Interpretive Reflection 03 of the
Unitarian Theology Conference 2016

The Rev. Jo James:
The Spirit in Unitarian and Judaeo-Christian Thought


Perhaps it was because it was after lunch, but Jo James started with an explanatory spiritual exercise based around the breath, the explanation of which was its interchangability with 'spirit' across cultures. There is spiritus, anima, psyche, pneuma, atman and ruach to mention some connecting words. The breath and spirit animates, and they are always embodied.

I was reminded of the physics of information, and that it must be embodied, and that information does need energy to organise, store and transmit, and it is part of the movement towards entropy when it becomes inaccessible. Information is what makes the universe and indeed our brains work. Perhaps we could have a physics-informed theology of information.
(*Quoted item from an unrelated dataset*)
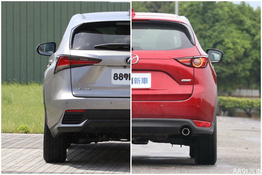而CX-5則有濃厚的「魂動」樣貌,細看之下可以發掘CX-5在用料材質還頗為精緻,並將燈具縮小化,使視覺上看似簡單俐落,而整體車身折線與NX對比之下顯得圓潤,尤其到了車尾部最為明顯,不過NX200入門兩車型為17吋鋁圈,頂規CX-5則踩著19吋大腳,氣勢上也不落人後太多。
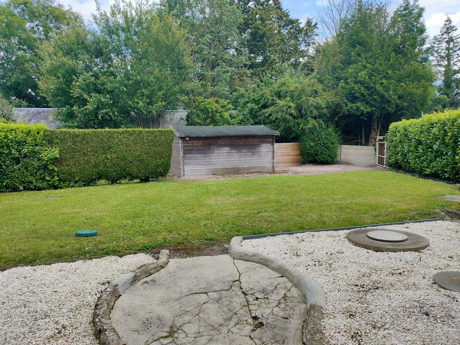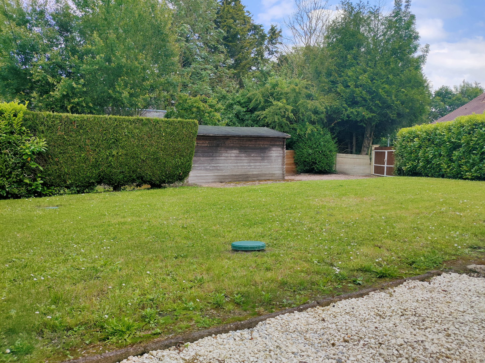 Terrain de 450 m² avec garage et local technique.

Jo James has been doing a dissertation, and he has stolen the use of his title containing Spectral Hermeneutics from John Caputo. We were receiving the benefit of Jo James's research and writing.

(Caputo is a postmodern, deconstructing, 'weak theology' theologian and philosopher. Weak theology means a God with an unconditional claim but without force - not all powerful and not intervening. It opposes kenosis, or self-emptying, because this has weakness from the off, but then some see weak theology as the correct kenotic theology. Spectral Hermeneutics focuses upon the event in this context of the weakness of God. Events are the irreducible essence of the flux within things that change, of neither being nor non-being and able to grow within the postmodern space. So this goes beyond any ground of being - as with Tillich - to the event. There is no ontology of being, therefore but hauntology. It's a bit like quantum physics beyond the atom and where it is a fundamental homeless don't know and also a yes, yes (plural). The weakness of God is evident in the Alice in Wonderland crazy realities written about in the New Testament, a sacred anarchy. Christianity cannot be privileged, however, otherwise what is weak becomes strong. There was the death of God and this is part of that but also the understanding behind the return of religion after this death, the hermeneutics of this strange Kingdom of God.)

I wonder how many Unitarians have encountered John Caputo as one of those cutting edge theologies so overlooked?

Once again hear the Rev. Jo James neat. In making a sound file I did edit out his verbal mistakes and long pauses, and whilst his slow delivery might have suited the occasion it doesn't suit listening (when one can rewind). Thus it is speeded up by 20%. The effects of this have been a little widening and distorting, but the microphone quality was already distorting somewhat at source.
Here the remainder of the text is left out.